▶ To do: Only the lines from the start of the entries through the line with "sugary aura,note that" are wanted; please output them exactly.

▶ Records shown:
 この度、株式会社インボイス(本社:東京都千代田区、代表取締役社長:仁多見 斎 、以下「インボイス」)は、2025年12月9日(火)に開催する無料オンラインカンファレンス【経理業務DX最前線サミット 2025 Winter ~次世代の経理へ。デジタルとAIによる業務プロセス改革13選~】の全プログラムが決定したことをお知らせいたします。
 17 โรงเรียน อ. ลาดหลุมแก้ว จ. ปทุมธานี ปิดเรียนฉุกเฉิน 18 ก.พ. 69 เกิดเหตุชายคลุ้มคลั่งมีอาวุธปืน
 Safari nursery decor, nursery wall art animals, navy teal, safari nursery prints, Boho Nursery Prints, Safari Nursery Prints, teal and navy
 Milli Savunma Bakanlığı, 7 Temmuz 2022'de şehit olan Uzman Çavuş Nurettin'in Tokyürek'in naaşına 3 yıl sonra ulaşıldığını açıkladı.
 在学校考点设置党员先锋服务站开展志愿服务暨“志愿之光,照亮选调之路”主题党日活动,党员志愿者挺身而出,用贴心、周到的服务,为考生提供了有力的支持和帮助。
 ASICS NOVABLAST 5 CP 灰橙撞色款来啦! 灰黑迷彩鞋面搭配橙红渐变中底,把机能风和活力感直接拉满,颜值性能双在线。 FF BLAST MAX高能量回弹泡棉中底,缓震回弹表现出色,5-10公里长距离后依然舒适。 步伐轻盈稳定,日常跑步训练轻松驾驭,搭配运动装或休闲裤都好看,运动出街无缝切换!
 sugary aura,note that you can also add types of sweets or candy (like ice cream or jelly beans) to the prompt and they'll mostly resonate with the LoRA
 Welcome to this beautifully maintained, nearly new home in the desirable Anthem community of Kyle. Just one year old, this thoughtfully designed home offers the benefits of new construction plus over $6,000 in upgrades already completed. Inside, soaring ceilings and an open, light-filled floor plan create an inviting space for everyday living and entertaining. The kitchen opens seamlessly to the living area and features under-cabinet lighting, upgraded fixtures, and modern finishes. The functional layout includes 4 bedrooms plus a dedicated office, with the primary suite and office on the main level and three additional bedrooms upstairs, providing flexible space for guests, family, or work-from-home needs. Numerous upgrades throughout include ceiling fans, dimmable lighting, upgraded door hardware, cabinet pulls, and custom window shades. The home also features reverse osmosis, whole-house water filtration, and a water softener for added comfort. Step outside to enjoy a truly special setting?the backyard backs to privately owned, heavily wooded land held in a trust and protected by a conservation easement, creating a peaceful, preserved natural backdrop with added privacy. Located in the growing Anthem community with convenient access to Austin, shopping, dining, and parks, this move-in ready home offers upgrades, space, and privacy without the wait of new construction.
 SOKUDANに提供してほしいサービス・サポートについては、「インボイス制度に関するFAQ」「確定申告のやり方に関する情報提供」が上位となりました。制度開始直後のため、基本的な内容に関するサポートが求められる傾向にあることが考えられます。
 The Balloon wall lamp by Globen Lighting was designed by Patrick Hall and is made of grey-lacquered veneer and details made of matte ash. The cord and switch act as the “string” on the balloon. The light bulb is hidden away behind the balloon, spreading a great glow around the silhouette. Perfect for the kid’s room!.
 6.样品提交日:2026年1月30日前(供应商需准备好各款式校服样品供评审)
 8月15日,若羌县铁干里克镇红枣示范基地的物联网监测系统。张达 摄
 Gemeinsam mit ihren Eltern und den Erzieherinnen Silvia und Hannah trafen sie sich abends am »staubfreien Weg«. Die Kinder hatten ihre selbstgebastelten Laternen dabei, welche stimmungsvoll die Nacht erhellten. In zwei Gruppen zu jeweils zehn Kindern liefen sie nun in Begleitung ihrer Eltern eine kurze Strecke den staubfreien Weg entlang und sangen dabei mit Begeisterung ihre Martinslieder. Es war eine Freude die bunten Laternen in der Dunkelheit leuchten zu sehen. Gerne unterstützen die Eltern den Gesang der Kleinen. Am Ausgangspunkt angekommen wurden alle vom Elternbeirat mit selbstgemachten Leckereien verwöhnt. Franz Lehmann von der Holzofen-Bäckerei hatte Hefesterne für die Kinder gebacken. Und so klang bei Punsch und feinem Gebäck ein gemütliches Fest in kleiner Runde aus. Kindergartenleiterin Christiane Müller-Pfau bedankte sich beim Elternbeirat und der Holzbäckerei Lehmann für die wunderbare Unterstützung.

▶ Exercise result:
 この度、株式会社インボイス(本社:東京都千代田区、代表取締役社長:仁多見 斎 、以下「インボイス」)は、2025年12月9日(火)に開催する無料オンラインカンファレンス【経理業務DX最前線サミット 2025 Winter ~次世代の経理へ。デジタルとAIによる業務プロセス改革13選~】の全プログラムが決定したことをお知らせいたします。
 17 โรงเรียน อ. ลาดหลุมแก้ว จ. ปทุมธานี ปิดเรียนฉุกเฉิน 18 ก.พ. 69 เกิดเหตุชายคลุ้มคลั่งมีอาวุธปืน
 Safari nursery decor, nursery wall art animals, navy teal, safari nursery prints, Boho Nursery Prints, Safari Nursery Prints, teal and navy
 Milli Savunma Bakanlığı, 7 Temmuz 2022'de şehit olan Uzman Çavuş Nurettin'in Tokyürek'in naaşına 3 yıl sonra ulaşıldığını açıkladı.
 在学校考点设置党员先锋服务站开展志愿服务暨“志愿之光,照亮选调之路”主题党日活动,党员志愿者挺身而出,用贴心、周到的服务,为考生提供了有力的支持和帮助。
 ASICS NOVABLAST 5 CP 灰橙撞色款来啦! 灰黑迷彩鞋面搭配橙红渐变中底,把机能风和活力感直接拉满,颜值性能双在线。 FF BLAST MAX高能量回弹泡棉中底,缓震回弹表现出色,5-10公里长距离后依然舒适。 步伐轻盈稳定,日常跑步训练轻松驾驭,搭配运动装或休闲裤都好看,运动出街无缝切换!
 sugary aura,note that you can also add types of sweets or candy (like ice cream or jelly beans) to the prompt and they'll mostly resonate with the LoRA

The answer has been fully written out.